* Exercise details
Restate the data exactly as given and keep the pictures out.

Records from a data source
[Start of Attachment]
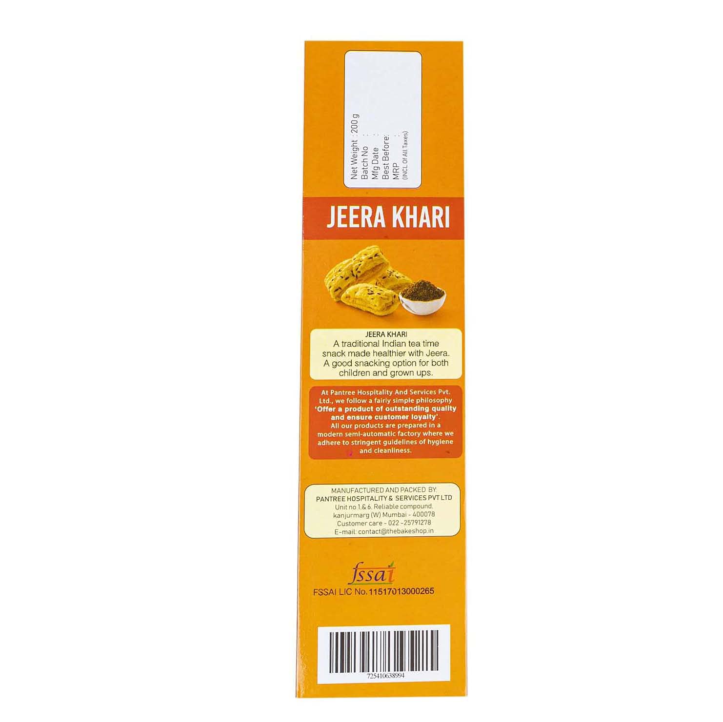PACKAGING : The Jeera khari has been made with hygiene and quality cleanliness under FSSAI norms. The Bake Shop fulfill all the safety standard measeurements.
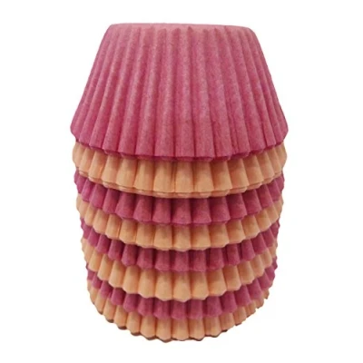 25mm height 30mm base Won't fade when baked Made in the United Kingdom from sustainable material approx. 120 pink & cerise mixed mini muffin cases
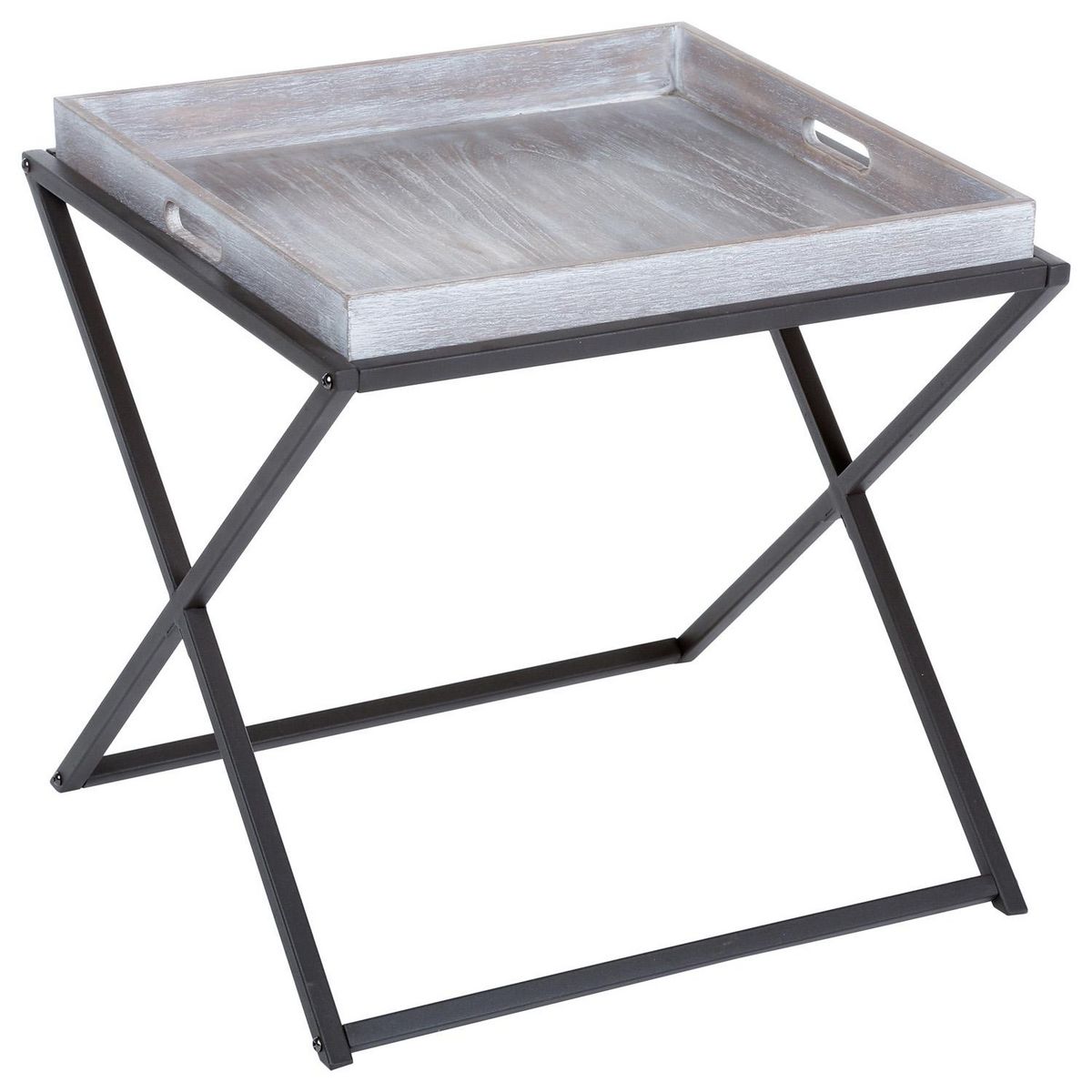 FICHE TECHNIQUE- Structure en métal.- Plateau en MDF.- Plateau amovible et facile à transporter avec ses deux poignées.CARACTERISTIQUES TECHNIQUES- Dimensions : L. 48 x l. 48 x H. 47,5 cm.- Dimensions du plateau : L. 45,5 x l. 45,5 X H. 5 cm.- Poids : 3,9 kg.
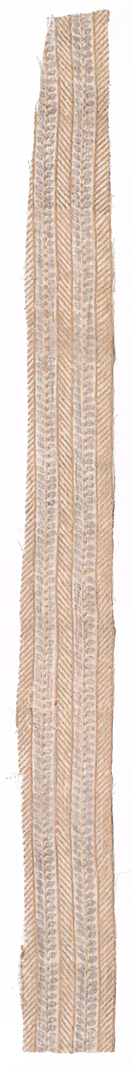 Tan and gray woven fabric with stripped pattern. The fabric appears to be long and thin. The fabric has a rough, frayed edge on the left side. The background is white. "Fragment" by artist "Anni Albers".
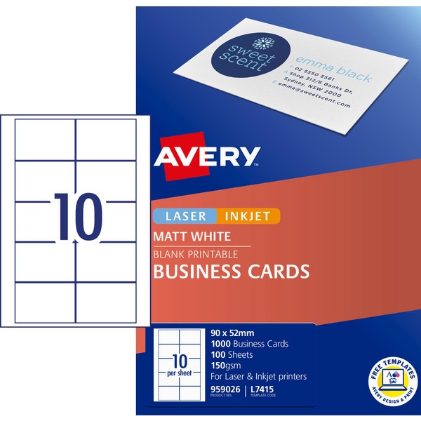 These Avery Laser and Inkjet Business Cards are a convenient way to print professional business cards. Avery Business Cards allow you to print the quantity you need, at the time you need for convenience and cost effectiveness. The white cards come in a sheet of 10 labels with micro-perforations between each business card for simple separation. To easily and conveniently design and create professional business cards download and use the free Avery Design and Print template software at work or at home.
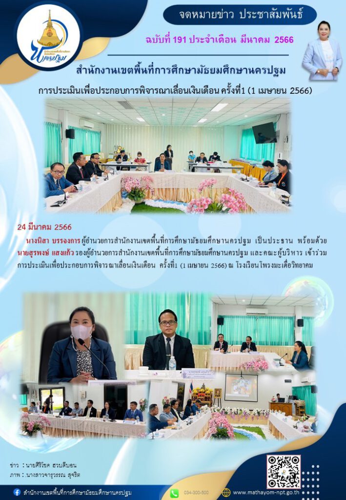 การประเมินเพื่อประกอบการพิจารณาเลื่อนเงินเดือน ครั้งที่ 1 (1 เมษายน 2566) 03/27/202303/27/2023 admin จดหมายข่าวเขต Views: 179 admin
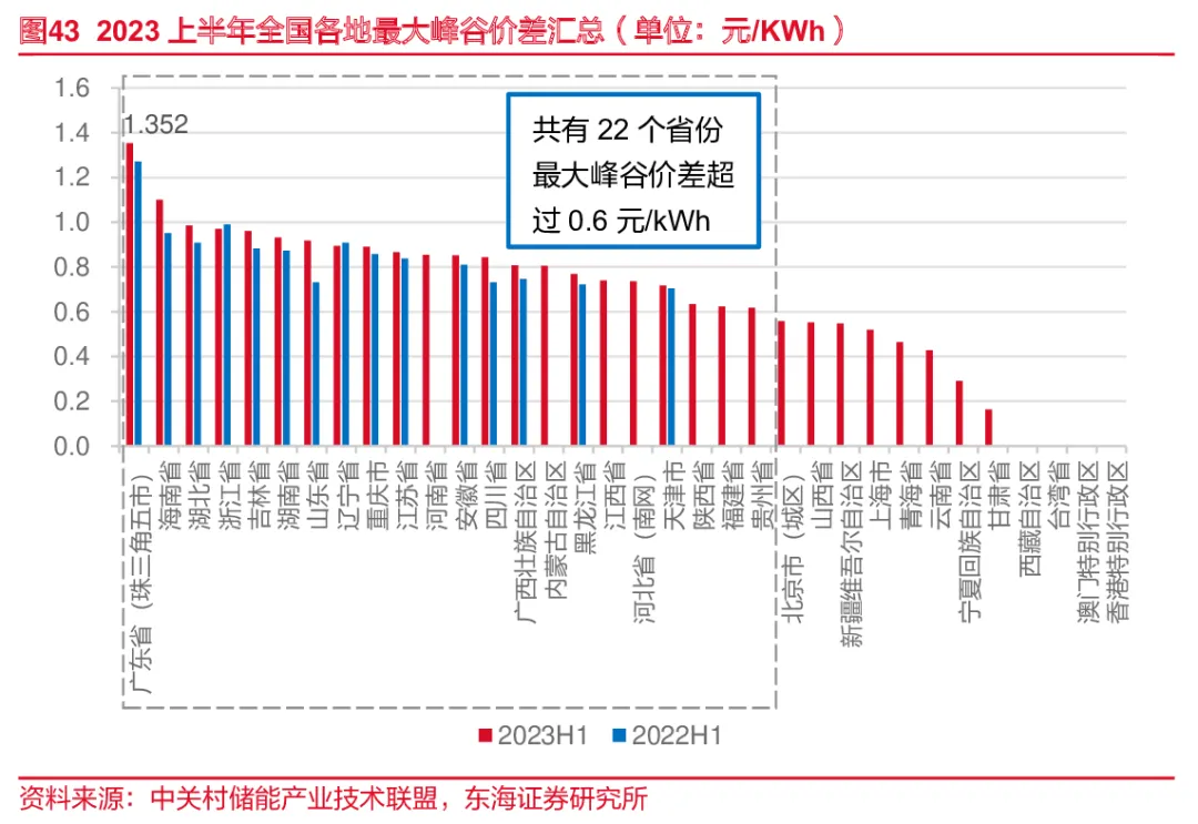 2023H1我国共有22个省份最大峰谷价差超过0.6 元/KWh,大部分省份的峰谷价差相较于去年同期在持续拉大。最大峰谷价差位列前五的分别是广东省(珠三角五市)1.352元/KWh、海南省1.099 元/KWh、湖北省0.985元/KWh、浙江省0.970 元/KWh、吉林省0.961元/KWh。
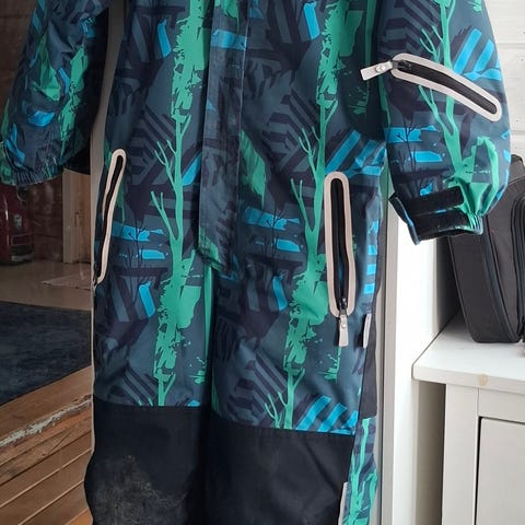 Lämmin Jonathan Kirjava lasten koko neulehaalari, koko 134. Haalarissa on kirjava väritys ja vetoketjusuljenta.
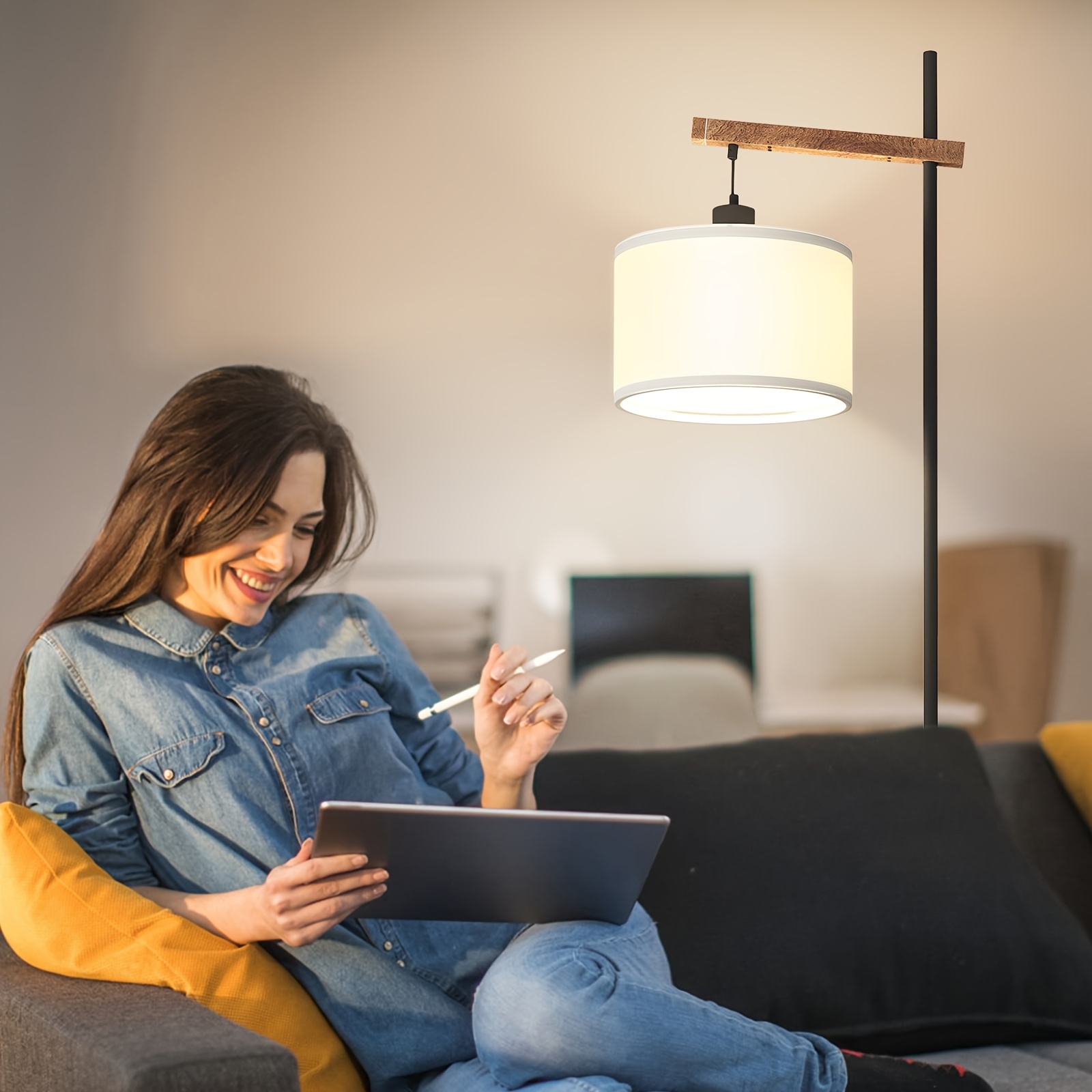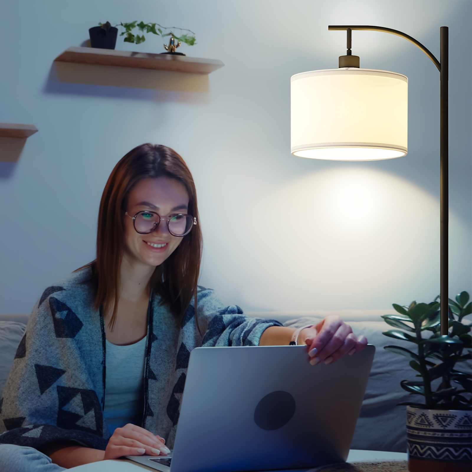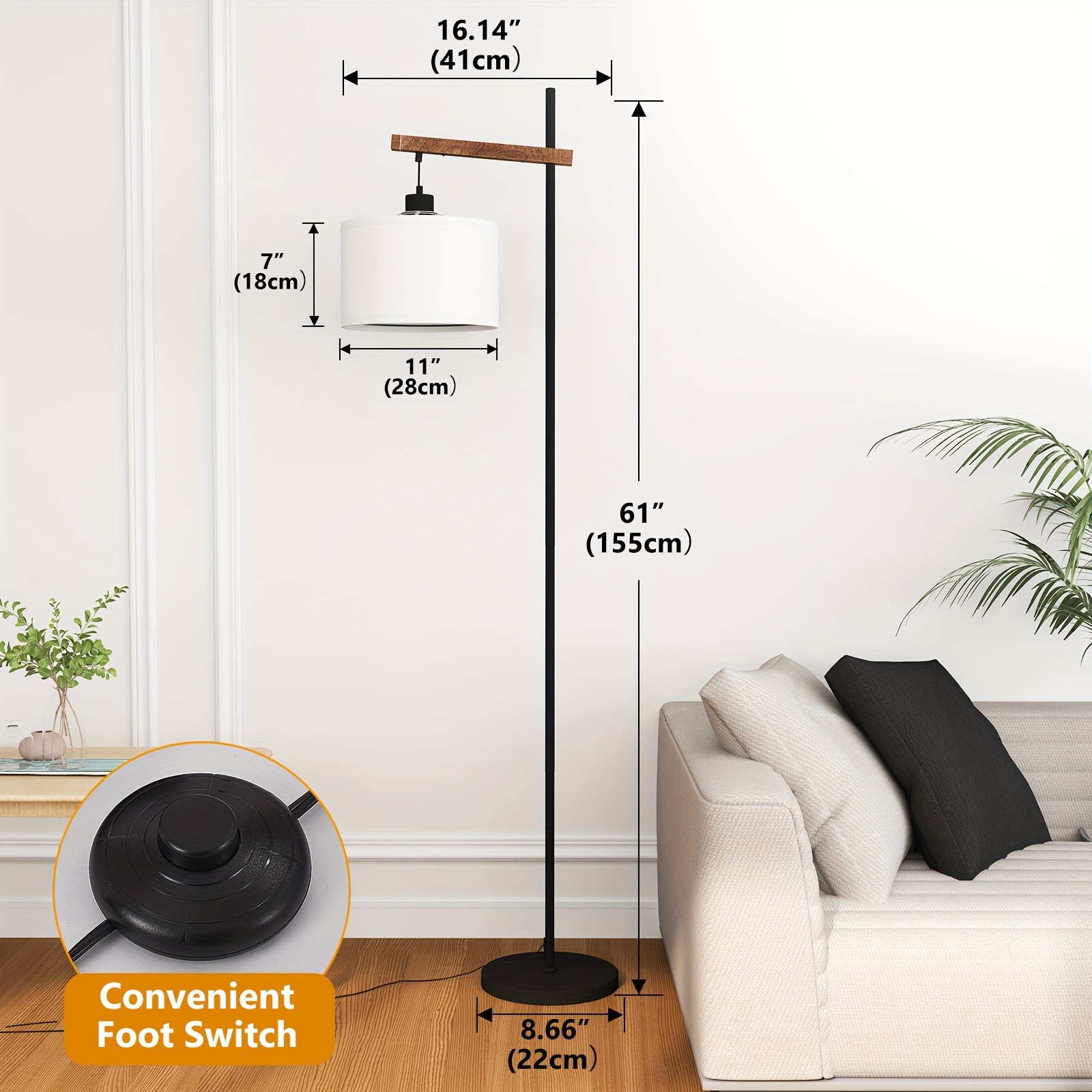 Modern Industrial Floor Lamp With Foot Wwitch - Polished Metal, Includes Beige Shade For Living Room
[End of Attachment]
* Finished task
PACKAGING : The Jeera khari has been made with hygiene and quality cleanliness under FSSAI norms. The Bake Shop fulfill all the safety standard measeurements.
 25mm height 30mm base Won't fade when baked Made in the United Kingdom from sustainable material approx. 120 pink & cerise mixed mini muffin cases
 FICHE TECHNIQUE- Structure en métal.- Plateau en MDF.- Plateau amovible et facile à transporter avec ses deux poignées.CARACTERISTIQUES TECHNIQUES- Dimensions : L. 48 x l. 48 x H. 47,5 cm.- Dimensions du plateau : L. 45,5 x l. 45,5 X H. 5 cm.- Poids : 3,9 kg.
 Tan and gray woven fabric with stripped pattern. The fabric appears to be long and thin. The fabric has a rough, frayed edge on the left side. The background is white. "Fragment" by artist "Anni Albers".
 These Avery Laser and Inkjet Business Cards are a convenient way to print professional business cards. Avery Business Cards allow you to print the quantity you need, at the time you need for convenience and cost effectiveness. The white cards come in a sheet of 10 labels with micro-perforations between each business card for simple separation. To easily and conveniently design and create professional business cards download and use the free Avery Design and Print template software at work or at home.
 การประเมินเพื่อประกอบการพิจารณาเลื่อนเงินเดือน ครั้งที่ 1 (1 เมษายน 2566) 03/27/202303/27/2023 admin จดหมายข่าวเขต Views: 179 admin
 2023H1我国共有22个省份最大峰谷价差超过0.6 元/KWh,大部分省份的峰谷价差相较于去年同期在持续拉大。最大峰谷价差位列前五的分别是广东省(珠三角五市)1.352元/KWh、海南省1.099 元/KWh、湖北省0.985元/KWh、浙江省0.970 元/KWh、吉林省0.961元/KWh。
 Lämmin Jonathan Kirjava lasten koko neulehaalari, koko 134. Haalarissa on kirjava väritys ja vetoketjusuljenta.
 Modern Industrial Floor Lamp With Foot Wwitch - Polished Metal, Includes Beige Shade For Living Room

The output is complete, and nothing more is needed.